Management of irAEs depends on grading of severity, which according to the United States National Cancer Institute Common Terminology Criteria for Adverse Events (CTCAE version 5.0), includes asymptomatic-mild (Grade 1), moderate (Grade 2), severe but not life-threatening (Grade 3), life-threatening (Grade 4), and death (Grade 5). ^12,26,34,35 Management strategies include temporary withdrawal of the ICI and immunosuppressive therapies such systemic corticosteroids, anti-tumor necrosis factor antibodies and mycophenolate mofetil. Supportive care options include hydration, analgesics, antiemetics, antidiarrheals, antihistamines, or hormone replacement therapy.

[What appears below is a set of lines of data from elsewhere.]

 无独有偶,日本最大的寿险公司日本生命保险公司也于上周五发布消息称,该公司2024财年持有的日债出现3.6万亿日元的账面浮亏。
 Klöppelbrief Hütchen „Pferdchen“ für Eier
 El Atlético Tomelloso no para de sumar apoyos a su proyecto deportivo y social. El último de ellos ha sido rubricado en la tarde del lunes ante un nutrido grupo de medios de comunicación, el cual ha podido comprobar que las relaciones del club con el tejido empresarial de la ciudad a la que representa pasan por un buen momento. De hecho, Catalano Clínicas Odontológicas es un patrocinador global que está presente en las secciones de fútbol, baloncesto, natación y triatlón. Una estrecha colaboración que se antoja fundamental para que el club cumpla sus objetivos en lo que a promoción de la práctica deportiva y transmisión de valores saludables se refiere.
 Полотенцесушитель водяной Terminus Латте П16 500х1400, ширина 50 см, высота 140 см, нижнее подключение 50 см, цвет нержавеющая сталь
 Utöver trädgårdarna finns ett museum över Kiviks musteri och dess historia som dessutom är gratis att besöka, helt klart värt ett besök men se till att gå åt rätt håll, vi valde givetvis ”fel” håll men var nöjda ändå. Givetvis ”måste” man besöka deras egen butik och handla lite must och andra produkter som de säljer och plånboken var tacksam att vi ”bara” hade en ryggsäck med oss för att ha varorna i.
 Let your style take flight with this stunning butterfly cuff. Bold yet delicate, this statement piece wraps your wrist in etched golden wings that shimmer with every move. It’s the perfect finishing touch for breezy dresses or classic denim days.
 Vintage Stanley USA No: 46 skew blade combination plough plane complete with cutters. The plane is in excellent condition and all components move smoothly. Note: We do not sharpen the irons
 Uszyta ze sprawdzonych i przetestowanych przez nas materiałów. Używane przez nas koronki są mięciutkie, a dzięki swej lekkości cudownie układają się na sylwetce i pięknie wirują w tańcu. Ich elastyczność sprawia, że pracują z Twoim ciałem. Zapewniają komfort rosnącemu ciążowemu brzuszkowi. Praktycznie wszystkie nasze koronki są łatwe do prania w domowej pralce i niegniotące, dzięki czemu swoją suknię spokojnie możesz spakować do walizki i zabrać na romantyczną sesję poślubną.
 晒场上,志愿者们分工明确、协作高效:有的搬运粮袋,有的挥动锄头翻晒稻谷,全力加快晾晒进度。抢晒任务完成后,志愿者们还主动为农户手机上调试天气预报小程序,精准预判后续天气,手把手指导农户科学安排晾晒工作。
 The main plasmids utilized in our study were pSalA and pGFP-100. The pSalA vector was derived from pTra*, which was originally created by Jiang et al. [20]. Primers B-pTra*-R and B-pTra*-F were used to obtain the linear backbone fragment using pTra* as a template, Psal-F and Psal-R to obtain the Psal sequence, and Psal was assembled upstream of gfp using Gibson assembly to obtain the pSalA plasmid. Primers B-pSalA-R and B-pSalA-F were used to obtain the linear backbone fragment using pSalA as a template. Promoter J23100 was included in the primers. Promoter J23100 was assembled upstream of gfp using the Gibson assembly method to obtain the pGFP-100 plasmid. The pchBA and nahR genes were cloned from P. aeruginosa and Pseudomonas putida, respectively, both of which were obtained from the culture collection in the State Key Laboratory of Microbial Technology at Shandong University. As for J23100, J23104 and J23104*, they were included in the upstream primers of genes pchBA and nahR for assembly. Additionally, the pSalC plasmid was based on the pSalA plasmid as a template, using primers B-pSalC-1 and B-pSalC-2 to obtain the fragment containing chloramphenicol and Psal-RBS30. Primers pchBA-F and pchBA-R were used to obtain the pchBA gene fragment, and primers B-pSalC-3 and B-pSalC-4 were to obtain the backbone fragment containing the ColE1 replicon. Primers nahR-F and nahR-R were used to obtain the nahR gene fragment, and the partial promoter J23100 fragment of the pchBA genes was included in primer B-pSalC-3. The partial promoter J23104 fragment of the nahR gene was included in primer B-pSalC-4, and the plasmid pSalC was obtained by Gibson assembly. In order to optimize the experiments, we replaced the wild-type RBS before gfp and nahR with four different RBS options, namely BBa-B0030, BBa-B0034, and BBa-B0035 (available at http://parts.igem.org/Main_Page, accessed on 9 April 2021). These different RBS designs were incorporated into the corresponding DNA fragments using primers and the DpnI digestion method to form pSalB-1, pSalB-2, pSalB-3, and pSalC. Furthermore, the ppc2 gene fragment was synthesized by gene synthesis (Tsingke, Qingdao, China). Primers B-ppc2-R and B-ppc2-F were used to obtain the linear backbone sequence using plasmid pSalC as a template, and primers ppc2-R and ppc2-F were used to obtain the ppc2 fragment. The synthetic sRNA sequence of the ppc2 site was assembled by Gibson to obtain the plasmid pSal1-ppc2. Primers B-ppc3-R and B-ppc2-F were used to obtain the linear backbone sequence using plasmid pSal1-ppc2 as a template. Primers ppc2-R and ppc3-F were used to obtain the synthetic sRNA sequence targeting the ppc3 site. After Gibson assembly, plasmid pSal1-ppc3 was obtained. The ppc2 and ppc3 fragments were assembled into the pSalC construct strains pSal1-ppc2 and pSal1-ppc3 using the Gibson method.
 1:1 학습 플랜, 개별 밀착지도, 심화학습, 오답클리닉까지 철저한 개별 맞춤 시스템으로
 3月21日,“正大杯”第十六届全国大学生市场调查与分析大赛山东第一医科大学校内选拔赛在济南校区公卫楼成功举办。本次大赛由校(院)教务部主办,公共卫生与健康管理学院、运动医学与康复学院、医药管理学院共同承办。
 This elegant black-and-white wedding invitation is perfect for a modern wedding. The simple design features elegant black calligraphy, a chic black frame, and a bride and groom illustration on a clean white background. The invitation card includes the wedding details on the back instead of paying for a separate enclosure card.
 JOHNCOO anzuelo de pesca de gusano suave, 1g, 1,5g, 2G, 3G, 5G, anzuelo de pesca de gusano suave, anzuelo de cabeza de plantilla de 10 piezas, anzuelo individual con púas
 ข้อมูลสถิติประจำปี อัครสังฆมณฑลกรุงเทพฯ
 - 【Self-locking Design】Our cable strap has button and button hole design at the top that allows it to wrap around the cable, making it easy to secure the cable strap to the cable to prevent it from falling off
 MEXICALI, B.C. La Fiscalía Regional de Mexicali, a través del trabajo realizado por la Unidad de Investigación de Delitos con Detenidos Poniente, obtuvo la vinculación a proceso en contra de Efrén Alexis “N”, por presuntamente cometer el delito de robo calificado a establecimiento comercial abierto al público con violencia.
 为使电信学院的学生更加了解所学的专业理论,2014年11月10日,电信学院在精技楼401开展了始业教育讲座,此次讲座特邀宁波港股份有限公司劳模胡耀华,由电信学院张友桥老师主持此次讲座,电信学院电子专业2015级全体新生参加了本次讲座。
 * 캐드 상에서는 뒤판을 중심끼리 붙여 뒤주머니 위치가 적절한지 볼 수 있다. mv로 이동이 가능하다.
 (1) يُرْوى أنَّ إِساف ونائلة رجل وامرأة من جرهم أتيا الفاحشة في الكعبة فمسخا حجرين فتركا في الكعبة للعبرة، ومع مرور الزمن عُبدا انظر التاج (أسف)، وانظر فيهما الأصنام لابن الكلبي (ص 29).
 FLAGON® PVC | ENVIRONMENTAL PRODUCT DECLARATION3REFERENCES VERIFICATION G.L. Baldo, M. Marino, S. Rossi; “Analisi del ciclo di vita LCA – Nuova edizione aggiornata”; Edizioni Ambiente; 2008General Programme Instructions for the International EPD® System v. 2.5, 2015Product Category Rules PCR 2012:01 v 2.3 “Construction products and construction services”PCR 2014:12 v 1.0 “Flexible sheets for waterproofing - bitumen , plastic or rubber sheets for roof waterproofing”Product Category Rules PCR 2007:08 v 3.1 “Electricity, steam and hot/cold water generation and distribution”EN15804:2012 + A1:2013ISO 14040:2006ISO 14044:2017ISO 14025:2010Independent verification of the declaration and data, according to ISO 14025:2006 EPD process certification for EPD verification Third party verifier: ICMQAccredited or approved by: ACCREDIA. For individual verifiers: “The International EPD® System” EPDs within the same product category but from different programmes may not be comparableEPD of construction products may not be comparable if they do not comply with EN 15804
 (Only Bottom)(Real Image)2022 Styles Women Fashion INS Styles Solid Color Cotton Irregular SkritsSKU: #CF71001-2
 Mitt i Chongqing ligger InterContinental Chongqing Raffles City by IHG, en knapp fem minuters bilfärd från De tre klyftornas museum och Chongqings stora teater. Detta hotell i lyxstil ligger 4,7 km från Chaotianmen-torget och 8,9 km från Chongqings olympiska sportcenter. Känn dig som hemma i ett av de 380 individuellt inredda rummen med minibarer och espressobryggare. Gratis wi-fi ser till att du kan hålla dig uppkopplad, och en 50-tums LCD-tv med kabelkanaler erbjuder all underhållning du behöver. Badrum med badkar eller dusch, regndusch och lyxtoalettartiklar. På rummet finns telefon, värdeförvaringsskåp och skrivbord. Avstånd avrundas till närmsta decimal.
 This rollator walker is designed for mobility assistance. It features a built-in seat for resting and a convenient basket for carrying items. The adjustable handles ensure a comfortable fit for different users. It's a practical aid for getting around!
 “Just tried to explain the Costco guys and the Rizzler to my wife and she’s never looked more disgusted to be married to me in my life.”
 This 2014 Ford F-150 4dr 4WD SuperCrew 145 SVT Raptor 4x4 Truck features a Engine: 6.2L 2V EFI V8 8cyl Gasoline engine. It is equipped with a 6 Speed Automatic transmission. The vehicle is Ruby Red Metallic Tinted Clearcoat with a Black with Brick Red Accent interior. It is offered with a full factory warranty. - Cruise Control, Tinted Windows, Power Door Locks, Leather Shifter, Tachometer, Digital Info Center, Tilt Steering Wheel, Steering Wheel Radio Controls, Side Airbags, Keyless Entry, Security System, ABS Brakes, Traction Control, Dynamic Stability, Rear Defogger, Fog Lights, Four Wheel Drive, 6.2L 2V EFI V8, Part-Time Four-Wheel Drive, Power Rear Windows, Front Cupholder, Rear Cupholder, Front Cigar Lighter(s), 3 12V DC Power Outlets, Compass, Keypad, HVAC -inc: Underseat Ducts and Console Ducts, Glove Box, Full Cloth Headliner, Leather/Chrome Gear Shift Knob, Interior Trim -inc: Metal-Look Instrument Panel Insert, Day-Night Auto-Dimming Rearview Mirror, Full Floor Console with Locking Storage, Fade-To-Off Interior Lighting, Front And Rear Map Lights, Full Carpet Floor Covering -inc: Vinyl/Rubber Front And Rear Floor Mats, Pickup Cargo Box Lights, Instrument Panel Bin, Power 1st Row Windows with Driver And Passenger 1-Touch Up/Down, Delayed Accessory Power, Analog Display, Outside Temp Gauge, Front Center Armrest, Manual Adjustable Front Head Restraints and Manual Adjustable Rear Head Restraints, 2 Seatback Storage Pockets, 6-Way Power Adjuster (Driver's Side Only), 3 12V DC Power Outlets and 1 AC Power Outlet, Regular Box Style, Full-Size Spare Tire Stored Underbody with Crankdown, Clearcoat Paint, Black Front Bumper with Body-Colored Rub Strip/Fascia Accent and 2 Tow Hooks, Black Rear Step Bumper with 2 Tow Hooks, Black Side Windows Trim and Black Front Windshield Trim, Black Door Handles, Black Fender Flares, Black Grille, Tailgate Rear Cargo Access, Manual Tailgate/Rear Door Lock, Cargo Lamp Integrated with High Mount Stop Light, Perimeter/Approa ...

Patients with severe symptoms will require hospitalization and subspecialty consultation such as gastroenterology, hepatology, or endocrinology. ^34,36–39

Resumption of ICI therapy after irAE is associated with recurrent symptoms in a subgroup of patients. A cohort study of more than 24,000 patients demonstrated a recurrence of the same symptoms in 29% of patients following re-challenge with the same ICI. Colitis, hepatitis, and pneumonitis recurred significantly more often compared to other irAEs, whereas adrenal events recurred less commonly. ²³ Patients may also experience a different irAE after discontinuation of ICI for irAE, rather than a recurrence of the same irAE. ¹⁰

Bowel irAEs

Colitis and enterocolitis have been reported in 5–25% of patients treated with ICIs, more commonly with CTLA-4 inhibitors than PD-1 and PD-L1 inhibitors. ^13,26,27,40 Studies of radiographically evident irAE enterocolitis have demonstrated similar incidence of 12–19%. ^5–8 Mortality from toxic megacolon and bowel perforation in the setting of irAE colitis have been reported. ^8,13,26,41

Imaging features of irAE colitis are usually detected on CT or MRI and include wall thickening, mural hyperenhancement, pericolonic fat stranding, mesenteric hyperemia, and fluid-filled bowel. On FDG PET-CT, tracer avidity of the affected bowel is seen. Distribution most commonly reported is pancolitis (Figure 2), but patterns of segmental colitis associated with diverticulosis and isolated rectosigmoid colitis in absence of diverticulosis have also been described. ^{5–8,20,32,42–44}

Figure 2.

(a–c) Pancolitis. 76-year-old female undergoing pembrolizumab therapy for metastatic lung cancer presents with new onset diarrhea and elevated white blood cell count. Abdomen CT with contrast axial (a) and coronal reconstruction (b) images show long segment thickening throughout the colon. Coronal reconstruction image from a followup CT 8 months after cessation of immunotherapy. (c) shows a normal-appearing colon (solid arrows) but enlarging hepatic metastases (dashed arrows).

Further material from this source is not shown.